Further, plaintiff claimed that FDX terminated her because of her disability, contending that if she had not had a disability requiring lifting restrictions, the company would have permitted her to find another position rather than fire her. Last, she also alleged intentional infliction of emotional distress by all three defendants.
After the completion of discovery, defendants filed motions for summary judgment on all counts. The trial court granted defendants' motions and dismissed the complaint with prejudice. This appeal followed.*fn4
On appeal, plaintiff raises the following contentions for our consideration.

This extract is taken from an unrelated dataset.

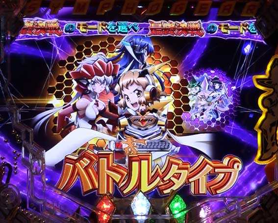 初回10R大当り、または最終決戦中に大当りすると突入。時短は7回or11回or99回の3種類があり、トータル継続率は約82%だ。なお、液晶演出は選択キャラによって変化する。

POINT ONE - [THE TRIAL JUDGE]'S DECISION IN RENDERING SUMMARY JUDGMENT WAS A VIOLATION OF HIS JUDICIAL DISCRETION AND THE NEW JERSEY LAW FOR RENDERING SUMMARY JUDGMENT.
POINT TWO - AS TO ALL DEFENDANTS, [THE TRIAL JUDGE] ERRED IN DISMISSING PLAINTIFF'S COMPLAINT ON RETALIATION.

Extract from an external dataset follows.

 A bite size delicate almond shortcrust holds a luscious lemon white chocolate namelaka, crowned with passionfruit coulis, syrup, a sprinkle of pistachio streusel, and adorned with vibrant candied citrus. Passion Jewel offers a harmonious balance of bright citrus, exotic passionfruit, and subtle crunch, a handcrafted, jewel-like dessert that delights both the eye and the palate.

POINT THREE - DEFENDANT FEDEX CORPORATION IS APPROPRIATE PARTY DEFENDANT.
POINT FOUR - THE TRIAL JUDGE[']S INTERPRETATION OF THE LAW WAS WRONG AND A MANIFEST DENIAL OF JUSTICE TO PLAINTIFF ENTITLING PLAINTIFF TO THE RELIEF REQUESTED.
In reviewing a grant of summary judgment, we apply the same standard as the trial judge in determining whether there are any genuinely disputed issues of material fact sufficient to warrant resolution of the disputed issues by the trier of fact.
Prudential Prop. & Cas. Ins. Co. v. Boylan, 307 N.J. Super. 162, 167 (App. Div.), certif. denied, 154 N.J. 608 (1998). We must first determine whether the moving party has demonstrated that there are no genuine disputes as to material facts, and then we decide "whether the motion judge's application of the law was correct." Atl. Mut. Ins. Co. v. Hillside Bottling Co., 387 N.J. Super. 224, 230-31 (App. Div.), certif. denied, 189 N.J. 104 (2006). In doing so, we view the evidence in a "light most favorable to the non-moving party." Henry v. New Jersey Dep't of Human Servs., 204 N.J. 320, 329 (2010) (citing Brill, supra, 142 N.J. at 523). Because our review of the issues of law is de novo, we accord no special deference to the motion judge's legal conclusions. Zabilowicz v. Kelsey, 200 N.J. 507, 512 (2009).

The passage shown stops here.